Text Box: "id","months","censor","personal","property","cage"
1,.06570841889117043,0,1,1,-1.675197757186858
2,.13141683778234087,0,0,1,-10.48286373939083
3,.2299794661190965,0,1,1,-4.426737798254621

 


b.      Notice that the raw text data-file contains comma-delimited text, with the first line containing variable names, in quotes:  ID, MONTHS, CENSOR, PERSONAL, PROPERTY, CAGE.  By consulting ALDA, match these names with the variable descriptions on p. 504 ff., noting the coding of the CENSOR variable for case #8.  Make sure that you can line up the names of the variables with their values for the first and second cases, and that you understand why they take on the values that they do.

7.      Boot up PC-SAS.

8.      Begin your analyses of the rearrest dataset.

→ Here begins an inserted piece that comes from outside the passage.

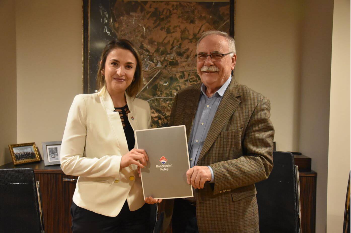 Karşılıklı sohbet ortamı ile devam eden ziyaret sonunda Doğan, Başkan Gökhan'a Enver Yücel'in “Hayatım Eğitim” kitabı ve Bahçeşehir Koleji öğrencileri tarafından 3D yazıcı ile yapılan Truva Atı takdim etti.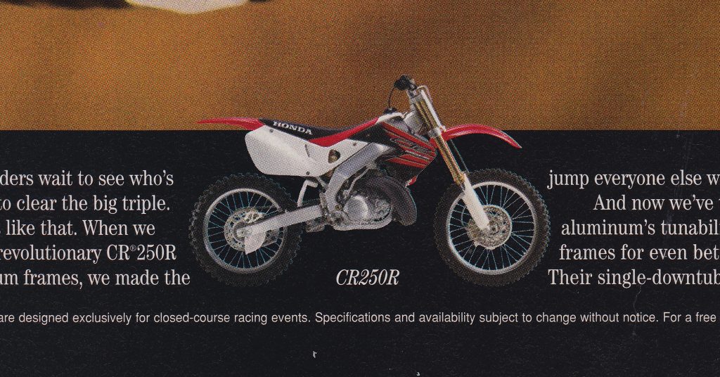 After the initial run of magazine spots, Honda rectified the oversight and replaced the ’99 with the ’00 model in later printings. It was an interesting example of a rare slip up by one of the most serious and successful brands in the sport.

a.       Read the rearrest person-period system file (rearrest.sas7bdat) into SAS and conduct a Cox regression analysis, fitting Model A of Table 14.1 on p. 525 of ALDA, using the following SAS code (replacing the data file name with a name appropriate for your system):

Text Box: proc lifetest data='c:\????\rearrest' method=km plots=(s,ls);
  time months*censor(1);
  strata personal;
proc phreg data='c:\alda\rearrest' ;
  model months*censor(1)=personal/ties=efron;
run;

 


b.      Here, two SAS procedures are implemented consecutively: LIFETEST and PHREG (misnamed as “Proportional Hazards Regression”).

 

                                                               i.      We used LIFETEST with the additional “strata” command to produce plots of the KM-estimates of the survivor function, by levels of predictor PERSONAL.

                                                             ii.      We used PHREG to fit the indicated Cox regression model.

1.      As usual, the “model” sentence contains the names of the time variable, MONTHS, the censoring information variable CENSOR(1), and the predictor, PERSONAL.  It also indicates that we want to use the “Efron” method to deal with ties.

 

c.       Execute your program, obtain output, and print it out for your records.  You will notice again that several kinds of output are created:

                                                               i.      You get two pages of SASGRAPH output, in a separate GRAPH window, from the LIFETEST procedure, containing “publication quality” estimated survivor and negative log-survivor functions, by levels of the predictor PERSONAL.  Print these plots out separately from the other output.  Compare the plots to the top two panels of Figure 14.1 on p. 505 of ALDA.

                                                             ii.      You get regular output from both LIFETEST (extensive summary statistics, by levels of PERSONAL) and PHREG (the Cox regression output).

d.      Examine the Cox regression output, comparing it to fitted Model A of Table 14.1 on p. 525:

                                                               i.      Identify the regression parameter estimate and standard error associated with predictor PERSONAL.  They are contained in the very last line of the output, under “Analysis of Maximum Likelihood Estimate” (an interesting misnomer!).

                                                             ii.      The –2Log Likelihood statistic, under “Model Fit Statistics/With Covariates.”

                                                            iii.      The information statistics, also under “Model Fit Statistics/With Covariates.”

e.       Edit your SAS code to fit Model D from Table 14.1 on p. D, by adding the additional predictors to the appropriate place on the “model” line in PHREG.

9.      If you have any time left, take a look at the programs and output for ALDA Chapters 13, 14 and 15 on the UCLA support site.  There you will find examples of SAS code for outputting a variety of interesting fitted plots, diagnostics, and for conducting extensions of the basic Cox model that are described in Chapter 15 of ALDA, including the inclusion of time-varying predictors in the model.